RECORDED INFORMATION |
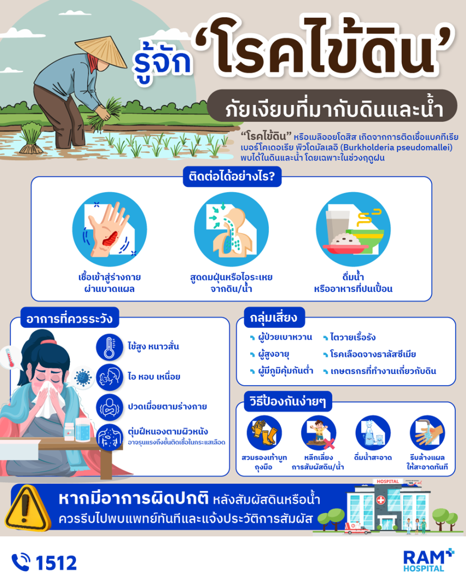 รู้จัก ‘โรคไข้ดิน’ ภัยเงียบที่มากับดินและน้ำ ไข้นานไม่หาย… ไอเรื้อรัง… อ่อนเพลียโดยไม่ทราบสาเหตุ หลายคนอาจคิดว่าเป็นเพียงการติดเชื้อทั่วไป แต่ในความเป็นจริง อาการเหล่านี้อาจเป็นสัญญาณของ “โรคไข้ดิน” (Melioidosis) ที่เกิดจากการติดเชื้อแบคทีเรียชื่อ Burkholderia pseudomallei ซึ่งพบได้ตามธรรมชาติใน “ดิน” และ “น้ำ”สัญญาณเตือน: -เป็นไข้นานไม่ทราบสาเหตุ -อ่อนเพลีย น้ำหนักลดไอ มีเสมหะ เจ็บหน้าอก -บางรายไอมีเลือดปนมีฝีหนองตามผิวหนัง แผลเรื้อรังบางรายอาจมีการติดเชื้อในกระแสเลือดและเสียชีวิต หากมีอาการเข้าข่าย ควรรีบพบแพทย์ทันที เพราะโรคนี้รักษาให้หายขาดได้หากตรวจพบเร็ว!
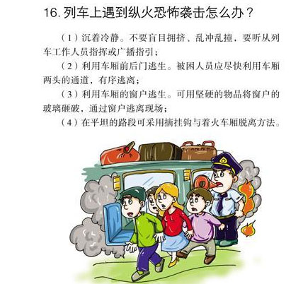 公民防范恐怖袭击手册:列车上遇到纵火恐怖袭击怎么办?
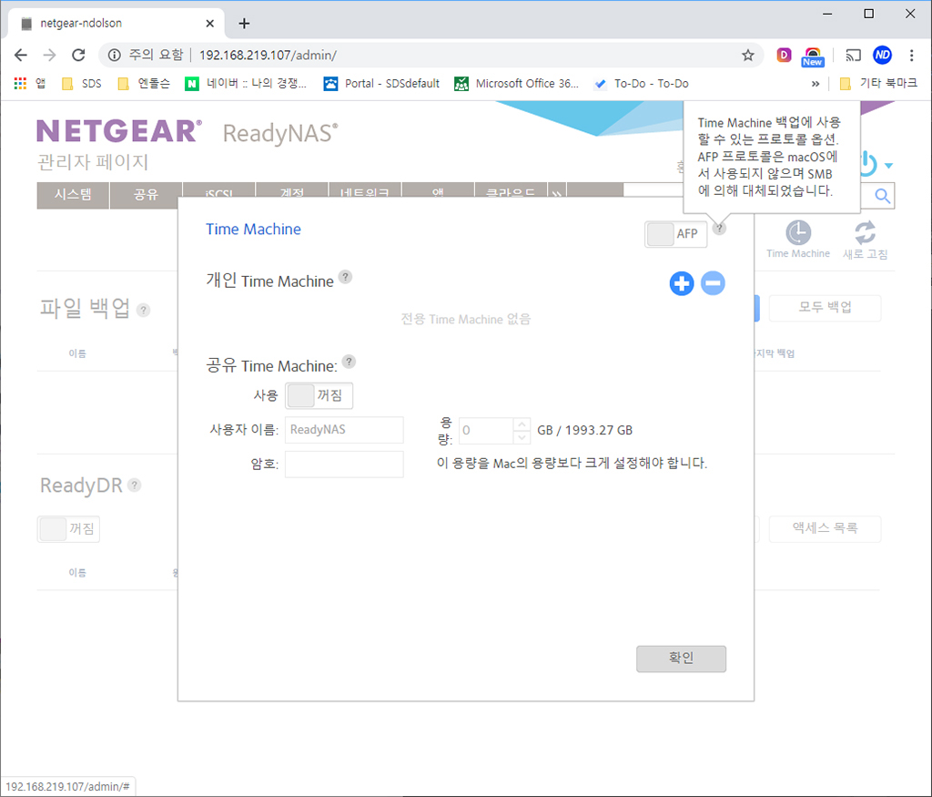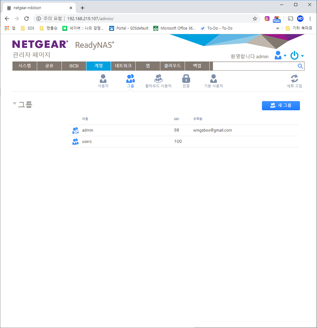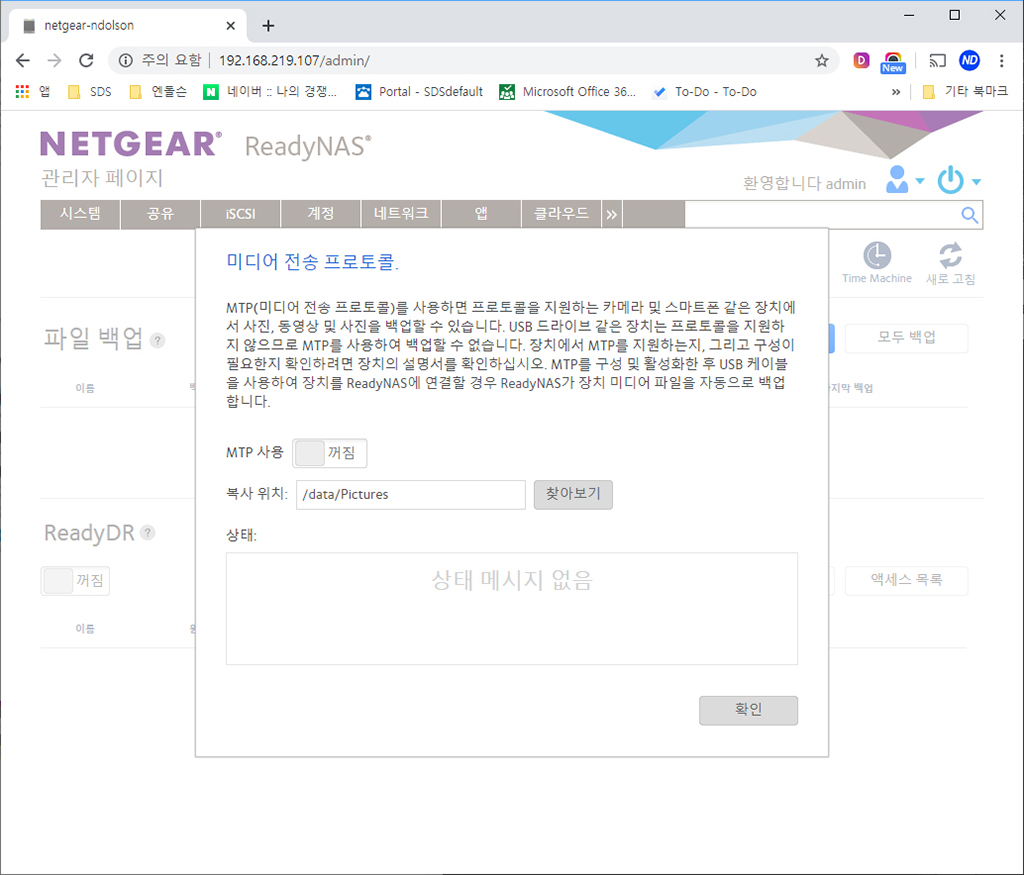 넷기어 NAS 관리자 페이지 설정

WHAT THIS TASK INVOLVES |
Omit the pictures and output all of the other material exactly.

TASK SOLUTION |
 รู้จัก ‘โรคไข้ดิน’ ภัยเงียบที่มากับดินและน้ำ ไข้นานไม่หาย… ไอเรื้อรัง… อ่อนเพลียโดยไม่ทราบสาเหตุ หลายคนอาจคิดว่าเป็นเพียงการติดเชื้อทั่วไป แต่ในความเป็นจริง อาการเหล่านี้อาจเป็นสัญญาณของ “โรคไข้ดิน” (Melioidosis) ที่เกิดจากการติดเชื้อแบคทีเรียชื่อ Burkholderia pseudomallei ซึ่งพบได้ตามธรรมชาติใน “ดิน” และ “น้ำ”สัญญาณเตือน: -เป็นไข้นานไม่ทราบสาเหตุ -อ่อนเพลีย น้ำหนักลดไอ มีเสมหะ เจ็บหน้าอก -บางรายไอมีเลือดปนมีฝีหนองตามผิวหนัง แผลเรื้อรังบางรายอาจมีการติดเชื้อในกระแสเลือดและเสียชีวิต หากมีอาการเข้าข่าย ควรรีบพบแพทย์ทันที เพราะโรคนี้รักษาให้หายขาดได้หากตรวจพบเร็ว!
 公民防范恐怖袭击手册:列车上遇到纵火恐怖袭击怎么办?
 넷기어 NAS 관리자 페이지 설정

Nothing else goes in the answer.